Apple’s strong Q2 2014 performance, capped by a 7-for-1 stock split, an 8 per cent dividend boost and a US$30 billion increase in its stock buyback plan, was more than enough to keep investors happy as the company’s shares soared by 8 per cent in after-hours trading. But weak iPad sales and an ongoing mystery over next-generation product announcements continue to underscore the company’s sometimes-painful transition from fast-growth innovator to a more value-oriented legacy company. Financial gymnastics can only mask so much.
Initial investor response notwithstanding, Apple’s middle-aged growing pains are far from trivial. Despite earning $11.62 per share, 15 per cent more than during the year-ago period, softening iPad sales – 16.35 million compared to 19.4 million in Q2 2013 and well below analyst consensus of 19.2 million – threaten to undermine the company’s position as the consumer electronics market’s Pied Piper. Apple’s current products won’t sustain earnings growth indefinitely.
Repeating history
For well over a decade, Apple’s growth has been built on successive releases of groundbreaking new products. The iMac, iPod, iPhone and iPad each created order and focus in markets that had previously been disorganized and limited to niche appeal. As each of these offerings topped out amid increasing competition and market maturity, Apple introduced its next big thing to drive growth for a few more years. Four years after the iPad’s debut, shareholders are wondering when that next big thing will appear.
They may want to reset their expectations. The days of the mega-successful single product powering a company’s return from the dead or reinforcing its existing dominance are over.

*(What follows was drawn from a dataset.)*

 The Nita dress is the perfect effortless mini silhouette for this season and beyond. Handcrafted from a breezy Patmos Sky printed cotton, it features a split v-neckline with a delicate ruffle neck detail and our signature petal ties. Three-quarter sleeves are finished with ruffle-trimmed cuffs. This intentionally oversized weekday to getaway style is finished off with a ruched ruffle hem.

Single new products or product categories no longer function like rabbits pulled from magicians' hats. Electronics is no longer a tertiary product for the average consumer or corporate buyer. Consumers no longer simply dump product A in favour of product B. They’ve invested in apps, data storage, workflows, and training, and none of this is easily left behind. Consequently new products don't have the same greenfield opportunities they once did, and vendors can’t simply invest all their hopes in singular releases.
Overbuilt markets
Indeed, all of Apple's potential next-generation products - in automotive, health care, fitness, and wearables, among others - now exist in market contexts that are much more crowded than, for example, media players were when the iPod was released in 2001 or the iPhone bowed in 2007. Apple can't simply walk in and mop the floor with a revolutionary TV product because TV as we know it is overbuilt. Even if Apple can muscle its way in and force order much as it did on a then-disorganized music industry, it’ll be a lot more expensive and risk-prone today.

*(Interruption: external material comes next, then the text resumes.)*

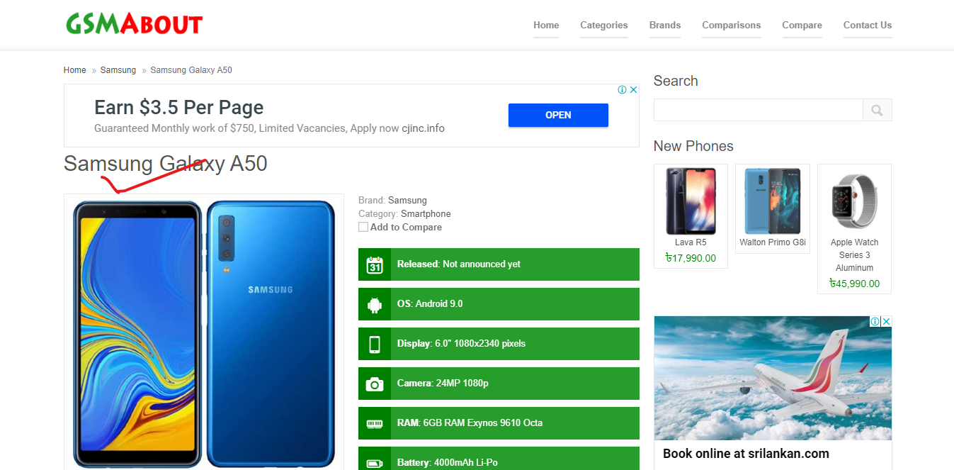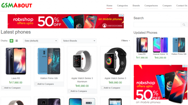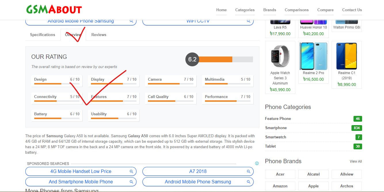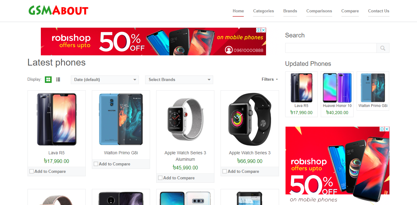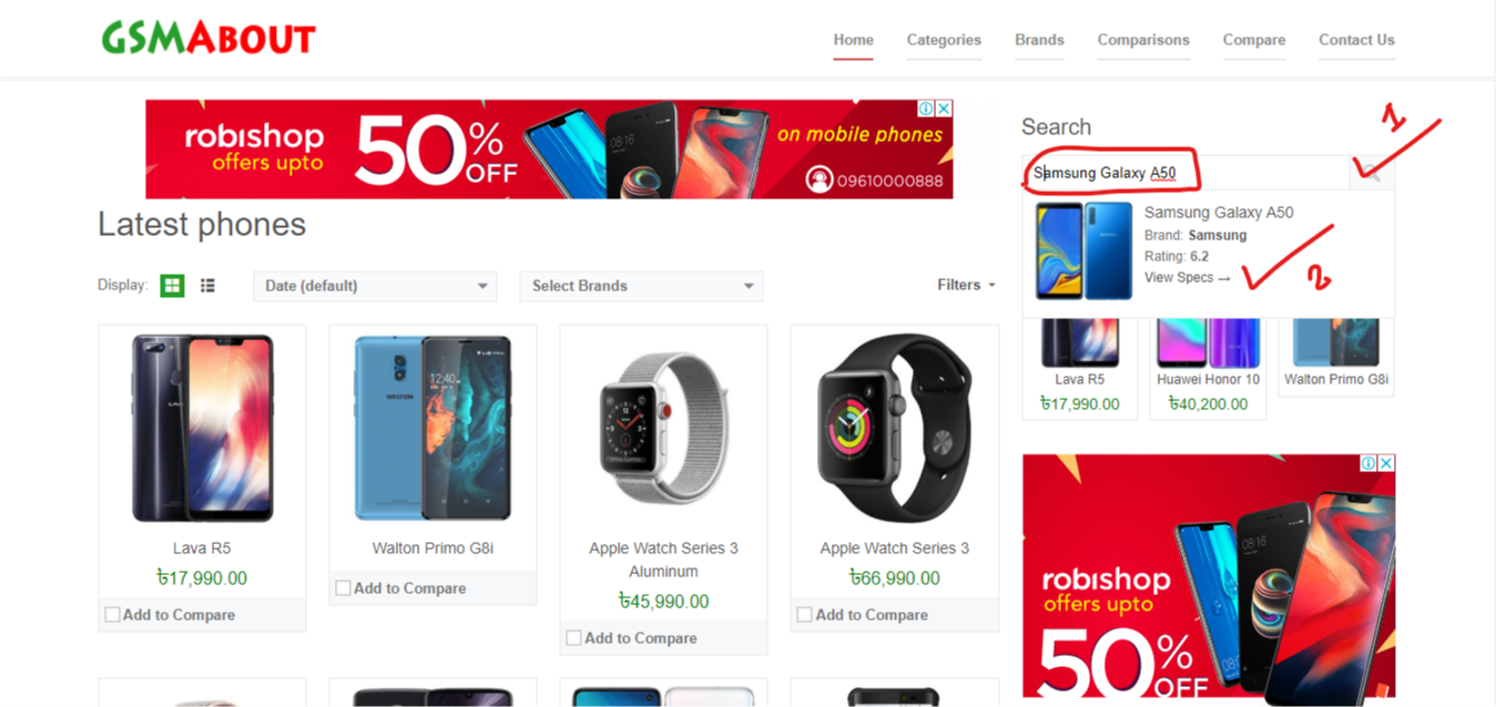 ২. উপরের মত পেজ আসার পর আপনাকে দান পাশে কোনের দিকে সার্চ বাক্স দেখতে পাবেন। আপনি যে মোবাইল ফোন এর দাম দেখতে চান সে ফোন এর নাম লিখুন যেমন Samsung Galaxy A50 এরকম লেখার সাথে সাথে নিছে রেজাল্ট দেখতে পারবেন।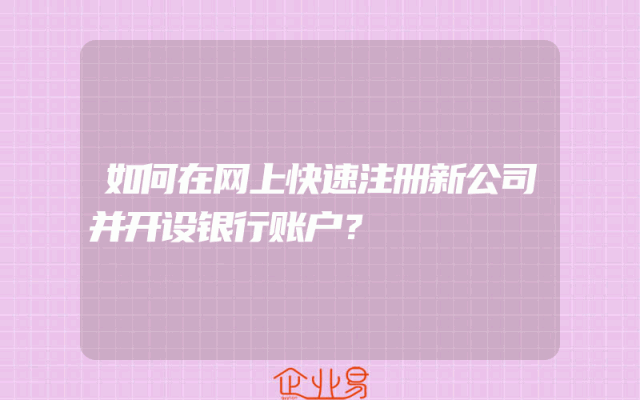 - 如何在网上快速注册新公司并开设银行账户?解答用户最关心的问题随着互联网的普及,越来越多的人选择在网上注册公司。网上注册公司不仅方便快捷,而且可以节省大量的时间和精力。那么,如何在网上快速注册新公司并开设银行账户呢?本文将为您解答这个问题。一

The answer lies in a shift toward software – the only remaining platform for differentiation – a focus on larger numbers of smaller launches, squeezing more revenue out of its now-800-million-strong iTunes user base, and extending existing platforms like the iPhone, which now accounts for 57 per cent of Apple’s revenue.
“The iPhone is obviously a huge winner, and what we’ll likely see is Apple coming out with products that will drive the growth of that winning product,” Troy Crandall, VP and equities analyst at 3Macs, told Yahoo Canada. “Ultimately the main core will be the phone and everything will be an accessory to the phone.”
Crandall said CarPlay, the recently announced in-car dashboard interface, exemplifies this approach, and any possible wearable or health care-related products would similarly leverage the iPhone.
Investors waiting for Apple to pull its next hardware-based rabbit out of its hat might want to re-adjust their expectations. The future of the company has little to do with a Hail Mary-esque new product. Get ready for smaller big bangs, be prepared for the end of Apple’s hardware-first era, and stop waiting for that iWatch. Because even if it eventually ships, it simply won’t matter as much to Apple’s future as it once might have.